If the host intentionally runs memory-hungry applications (JVM heaps, in-memory databases, large mmap'd files) the page cache will naturally be small; check whether the host is actually swapping (si / so > 0 in vmstat) — that's the real memory-pressure signal.

ZFS-on-Linux complicates free -m

Netflix's note:

It can be additionally confusing if ZFS on Linux is used, as we do for some services, as ZFS has its own file system cache that isn't reflected properly by the free -m columns. It can appear that the system is low on free memory, when that memory is in fact available for use from the ZFS cache as needed.

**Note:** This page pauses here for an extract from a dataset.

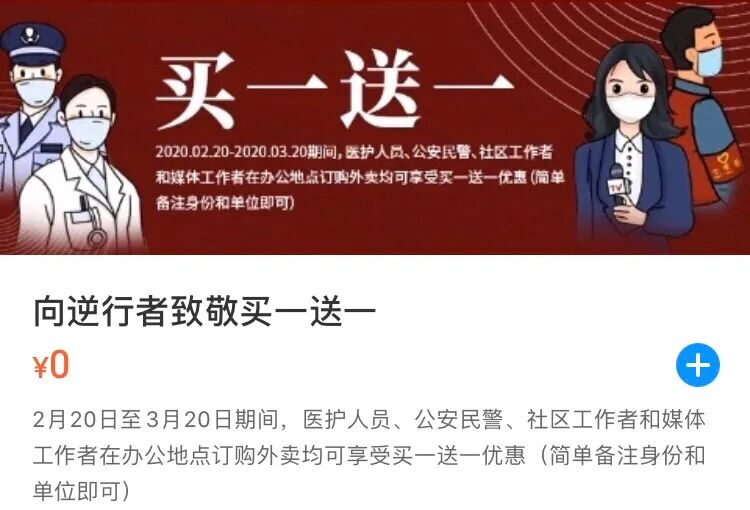 在点餐平台上,还可以看到致敬逆行者,几类职业在办公地点订外卖,都可以享受买一送一的折扣。

ZFS maintains its own ARC (Adaptive Replacement Cache) outside the Linux page cache. free -m reports the ARC as "used" without a separate breakdown; you have to read /proc/spl/kstat/zfs/arcstats or use arc_summary to see actual reclaimable capacity. The principle is the same — the memory is available — but standard Linux tooling undercounts it.

Reclaim mechanics

When applications malloc / mmap demand pages, the kernel's page-frame-reclaim code (kswapd, direct reclaim) frees clean cached pages first (zero-cost — no write-back needed) and only resorts to writing back dirty pages or evicting anonymous memory to swap when clean cache is exhausted. This makes page-cache claim essentially free from the application's perspective — until swap pressure begins.

Seen in

  • sources/2025-07-29-netflix-linux-performance-analysis-in-60-secondsfree -m is command #7. The checklist focuses interpretation on the -/+ buffers/cache row plus the ZFS caveat. Explicit rule: "we just want to check that these aren't near-zero in size, which can lead to higher disk I/O."
  • sources/2025-07-08-planetscale-caching — Ben Dicken canonicalises the Linux page cache as the lower tier of Postgres's double-buffered cache stack: "Postgres relies heavily on the operating system's filesystem page cache, which caches disk pages at the kernel level. This creates a double-buffering system where data can exist in both Postgres's shared_buffers and the OS page cache." The canonical 25%-of-RAM rule for shared_buffers leaves the remainder of physical memory for the OS page cache to operate on. See concepts/postgres-shared-buffers-double-buffering. This is the explicit Postgres-dependency view of the page cache, complementary to the 2025-07-29 observability-tool view.
  • concepts/io-wait — low page cache → higher disk I/O → elevated %iowait.
  • concepts/use-method — the memory dimension of USE: page cache utilisation, saturation (swap), errors (OOM kills).
  • systems/iostat — the follow-up tool when cache looks low.